泣きながら歩く一人ぼっちの夜 (20世紀少年 第293回)

 今日から第11巻に入ります。原発事故後、今は亡き忌野清志郎の「ラブ・ミー・テンダー」が話題になった。この曲には、核は要らねえ、放射能は要らねえという歌詞が出てくるため、反原発ソングと評価されたようだ。調べてみると、同曲は発売を拒否されたらしい。

 ビートルズストーンズらの曲は、当時、放送禁止になったものも多く、今では信じられないが「A day in the Life」も麻薬の歌だからという理由で放送が禁止されたらしい。しかし、発売までは禁止になっていない。そのビートルズで散々、儲けてきた会社が、清志郎の作品の販売を拒絶するとは、尋常の沙汰ではない。


 同じ反核であっても、まさか核兵器反対が大問題になるとは思えないので、やはり当時は、反原発という側面が問題視されたのだろう。日本の支配者階級、体制側というのは、こういうことを平気でするのだな。同曲の歌詞にもあるように、「今度のことで ばれちゃった その黒い腹」といったところか。

 先日、ゴルゴ13を読んでいたら、「支配者が定めたルールを守るのは、弱者だけだ」というセリフが出て来た。かつて、ジョン・レノンミック・ジャガーがそうしたように、清志郎はステージで「ラブ・ミー・テンダー」と歌い続けた。

 ちなみに、原曲はもちろん、エルヴィス・プレスリーの「Love Me Tender」である。この美しいメロディを持つ曲のカバーは無数にあるのだろうが、私の記憶に鮮明に残っているのは、どの作品を見ても腹が立つデヴィッド・リンチ監督の映画「ワイルド・アット・ハート」のエンディングで、ニコラス・ケージが良い声を聴かせていた。


 ところで、残念ながら録音したカセット・テープを紛失してしまったのだが、私が大学生のころ(30年も前だ)、RCサクセションはライブ・アルバムを発表している。

 その中で清志郎が「日本が生んだ最高のロックンロール」と前置きして唄っていたのは、彼らのオリジナル曲ではなくて、坂本九ちゃんの「上を向いて歩こう」だった。震災このかた、あちこちで歌われている。ボブ・レノンのように。

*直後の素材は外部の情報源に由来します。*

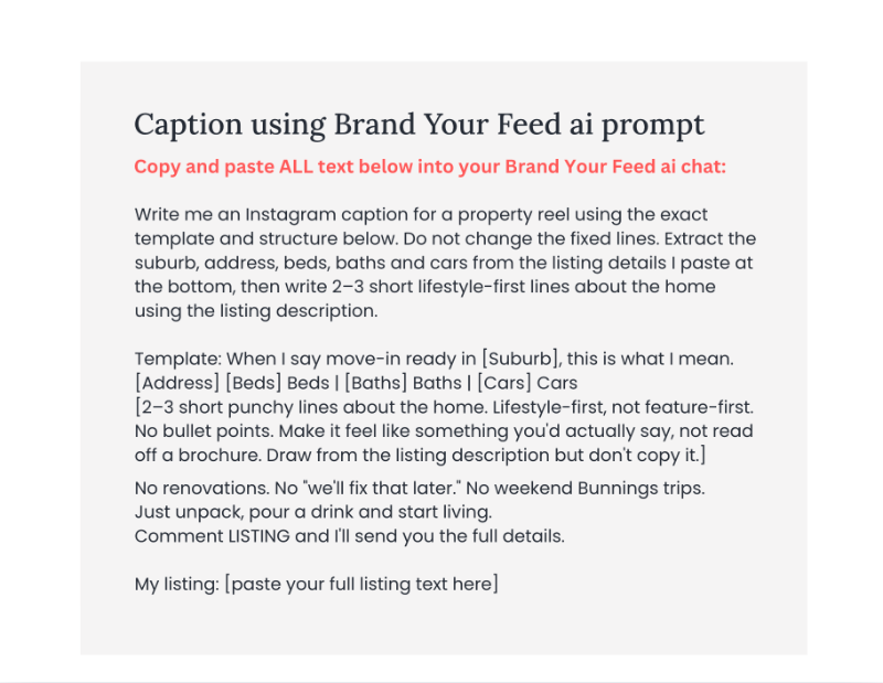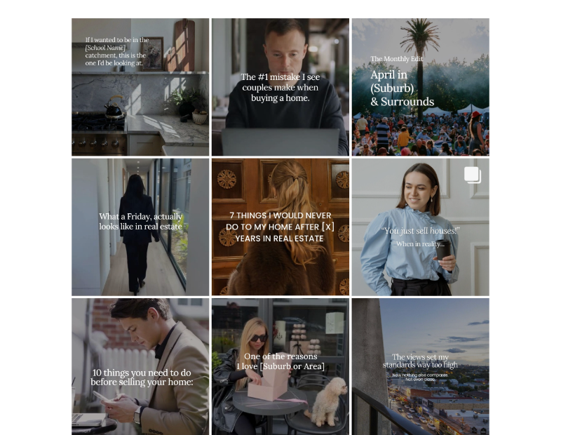 Brand your Feed is a social media content system that not only provides you with templates, but tells you what to post, when to post it and exactly how — so you can show up consistently, build your personal brand and attract listings, without spending hours on content or hiring a social media manager.

 春川校長は、まさに「今度のことで ばれちゃった その黒い腹」状態。カンナは聴き間違いであることを祈るかのように、サイコキネシスで校長を締め上げて問いただしているのだが、やはり答えは同じで、カンナの父は”ともだち”であった。校長のメガネが割れて飛び散り、悲鳴が挙がる。

 もっとも、のちほど校長が高須あてに、カンナの覚醒を報告しているので、カンナは鉄雄と違い、超能力で相手の頭をカチ割るような凶暴な人ではなかった。だが、彼女の受けた精神的な打撃は計り知れない。最も憎んできた相手が、実の父だと後になって知らされるとは。


 降りしきる雨の中、泣きながら歩く一人ぼっちの夜。カンナは傷ついた心を癒すべく、ケンヂおじちゃんの歌を聴こうとするのだが、こんなときに限って、幾ら叩いてもカセットが動かない。さすがの彼女も、泣いて叫んで膝を屈してしまう。

 ここから先、物語は、2000年血の大みそかにケンヂと幼女カンナが交わす会話と、2014年の傷心の高校生カンナの動きとを相互に描きながら進む。カンナ、まずはゲーム・センターに行くとは、現代っ子というか未来っ子というか、世代の違いを感じます。